There are all kinds of study tips and tricks we are told that are super important in college. Things like eating something before class, eliminating distractions, taking rigorous notes, and trying to get a good night’s rest the night before a big test. But something we don’t really talk about is the way our inner dialogue impacts our success in the classroom.

Something we all fall victim to from time to time is negative self speak, but the stress of schoolwork and getting out of our comfort zones can greatly increase one’s feelings of stress, self doubt, and negativity. It’s no secret that our thoughts create very real physical states within our bodies. Emotional states of fear, anger, anxiety, guilt, shame, or regret cause muscles to become weaker and can create digestive or gastrointestinal symptoms… even changing your body’s biochemistry and hormone levels.

The best way to combat negative self speak is to get ahead of it and address it once we realize it’s happening. But first we need to be able to identify it.

Signs of negative self speak:

— Limited Thinking: Telling yourself you can’t do something over and over until you start to believe it. Reaffirming the same negative thought can be extremely harmful and counterproductive.

— Perfectionism: Believing that what you do isn’t “as good as” or “good enough.” Surrendering to the idea that everything you produce has to be “perfect” when in reality perfection does not exist and is unattainable.

— Depression: There has been research that suggests that negative self-talk can lead to an increase in feelings of depression.

— Strain on Relationships: Your frustrations and negativity are contagious when they are ongoing and unchecked. If you’re excessively fuming and negative around others it could eventually cause problems within those relationships.

— Imposter Syndrome: Feeling like you don’t really belong or that you made it this far by some kind of mistake. It feels like you’re waiting to be found out when in reality you’ve made it this far because of your hard work and determination.

But fear not, there is always room to improve your self speak in a way that will help with your studies and allow you to focus on your next test instead of wasting time cutting yourself down. There are lots of ways to stop negative self speak in its tracks.

Catch Yourself: Learn to notice when you begin saying things to yourself that you wouldn’t say to a child or a close friend– so you can stop. What you think about yourself in this moment is definitely biased and subject to your mood and stress level. Remember to take a step back and evaluate your self-judgments.

Give the Mean Voice a Nickname: Giving your voice a name and personality can give you the ability to realize that you do not have to agree with their opinions of you. It makes it easier to see how overly critical some of your thoughts about yourself are. “Shut up, Karen.”

Neutralize the Negativity: It can be really hard to stop your mean self speak immediately so changing the intensity of your language is a good stepping stone. Change “hate” to “I don’t like” or “I can’t stand” or “this is challenging.”

Would You Say it to Your Favorite Person?: We often say things to ourselves that we would never in a million years say to someone close to us. Next time you catch yourself saying something negative to yourself imagine saying that to your dearest person. Now ask yourself why you have any business saying that to yourself?

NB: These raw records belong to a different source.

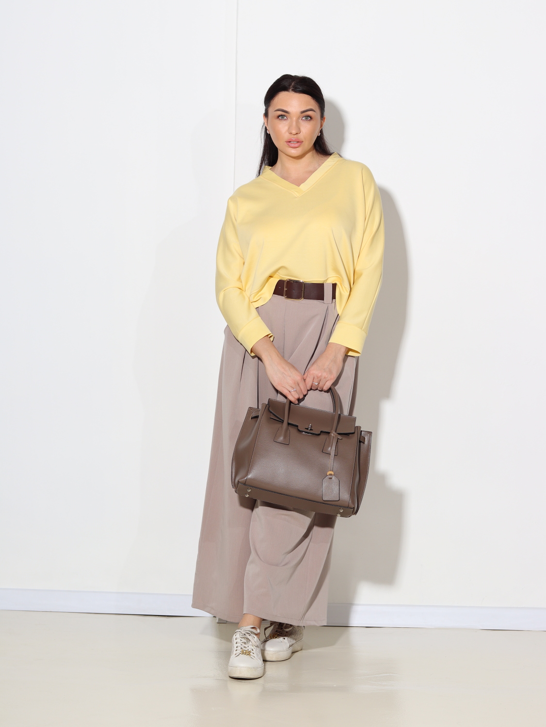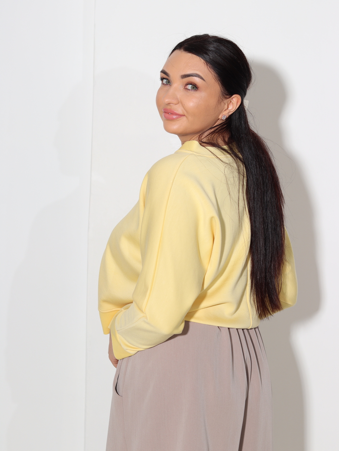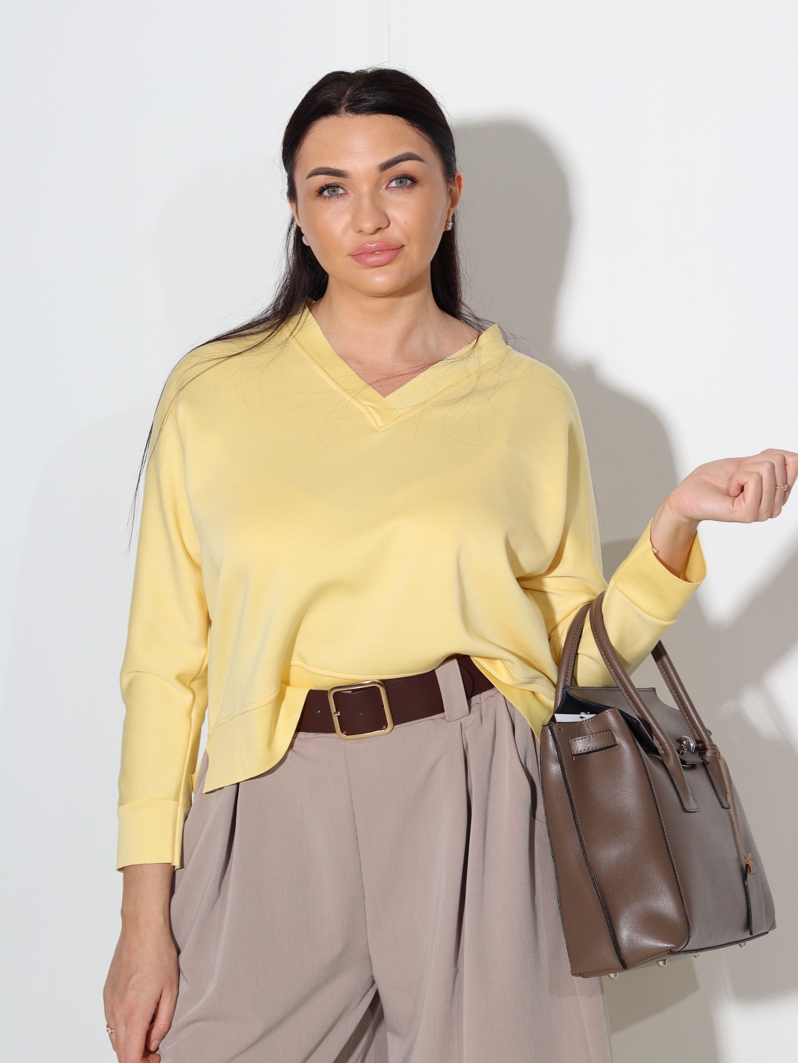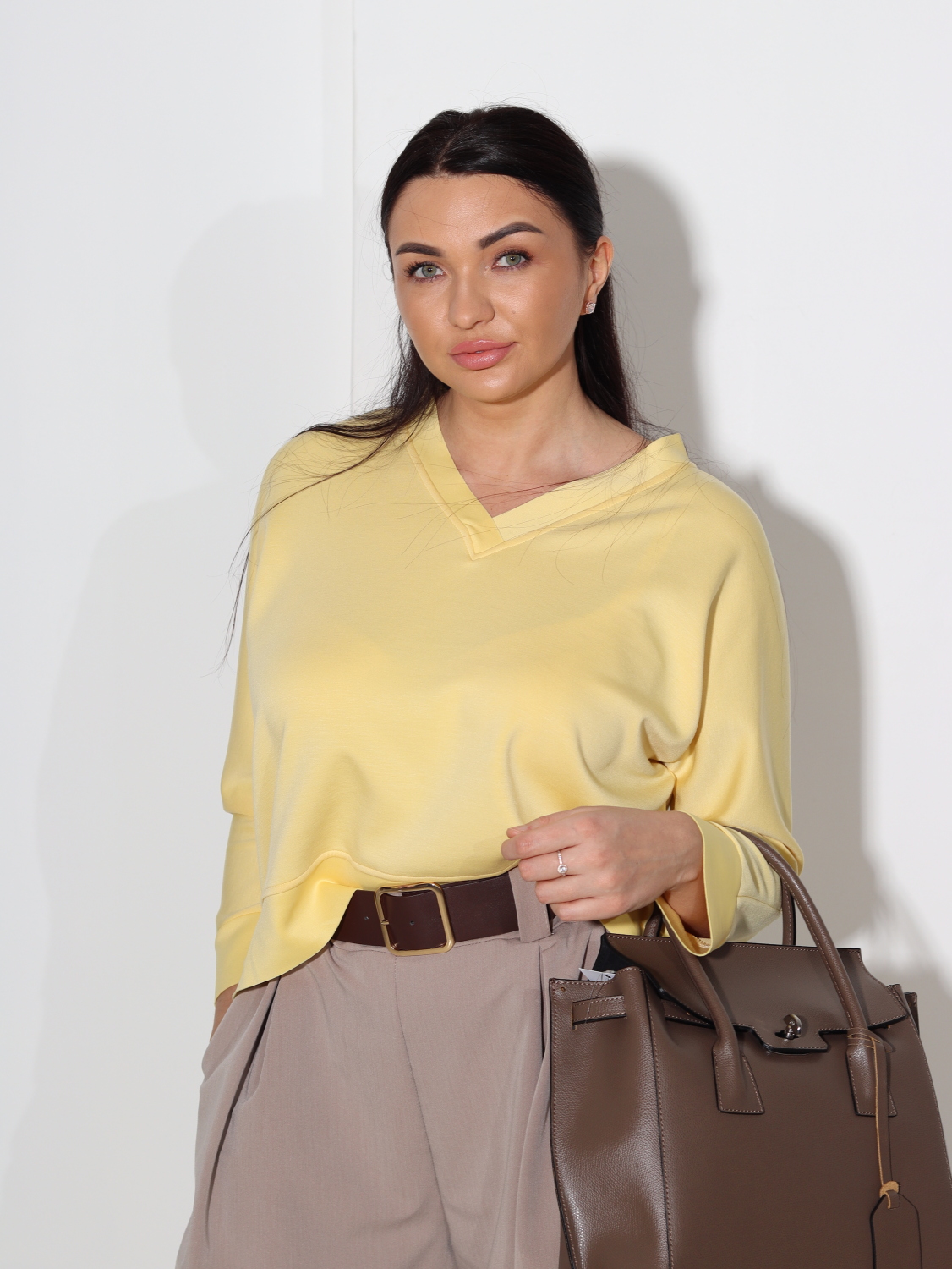 Dzeltens auduma tops ar ‘V’ veida kakla daļu – 14002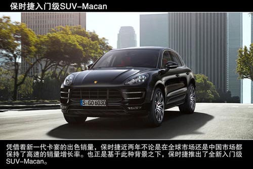 全新保時捷Macan將擁有比奧迪Q5更為寬泛的扭矩分配裝置,同時搭載手動和PDK雙離合器變速箱,運動型的懸掛系統也可通過駕駛員進行阻尼和高度的調節。Macan將成為未來保時捷品牌下的主打車型,預計將占據保時捷品牌50%以上的銷量,類似同門大哥“卡宴”的神韻和更加親民的價格都是Macan的優勢所在,畢竟國內類似的成功先例不在少數。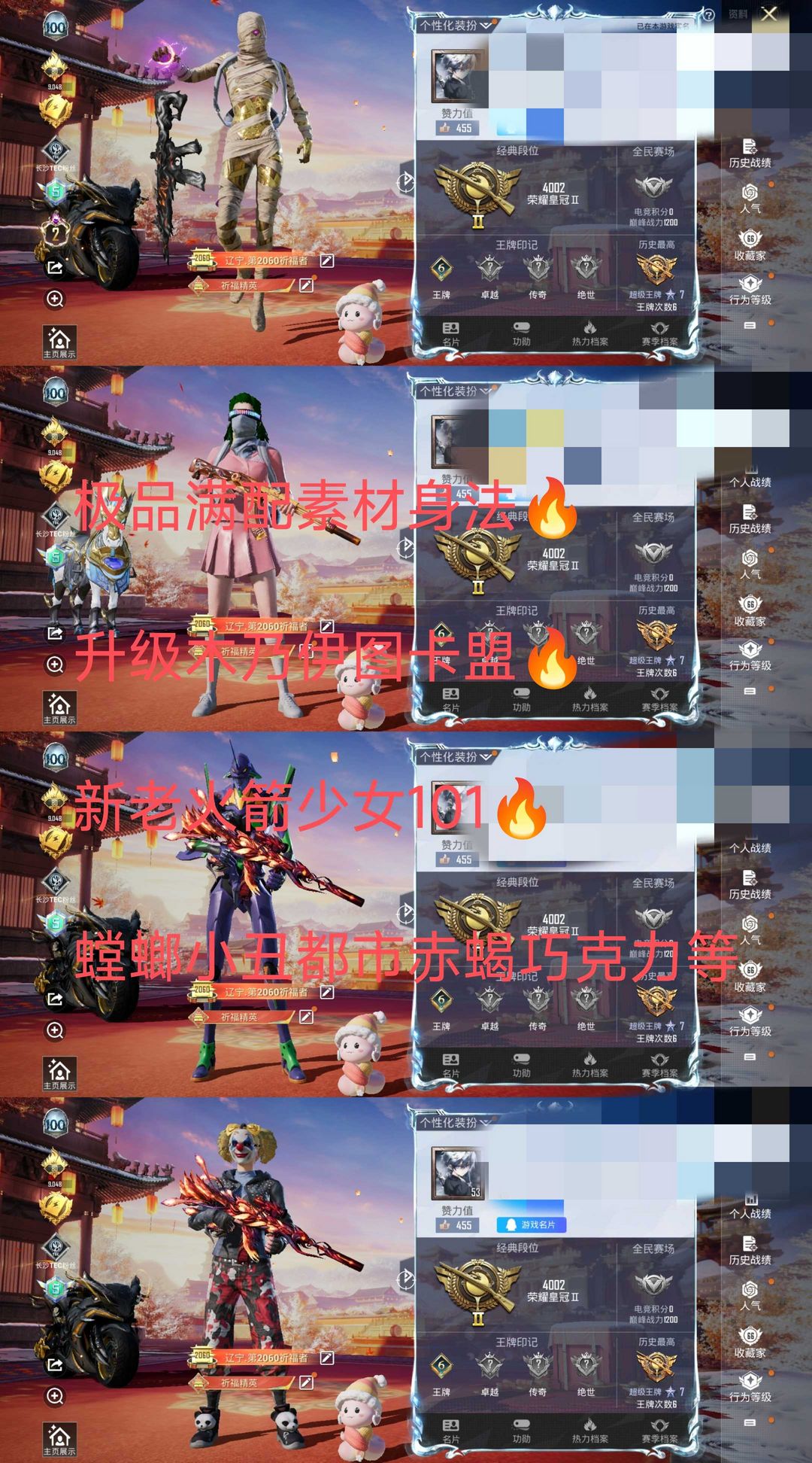 极品满配素材❤️升级木乃伊图卡盟❤️老101螳螂小丑❤️巧克力三姐妹放客都市赤蝎小丑女火箭少女

Stop The Thought: It can be helpful to snap a rubber band on your wrist whenever you have a negative thought you feel is taking over. It can be useful when trying to break repetitive or extremely critical thoughts like, “I’ll never get it,” or “I’m not supposed to be here.”

Positive Affirmation: Instead of trying to eliminate self speak altogether, create new habits with encouraging words and positive mantras. Envision a positive outcome and assure yourself out loud that it’s all going to happen the way you want.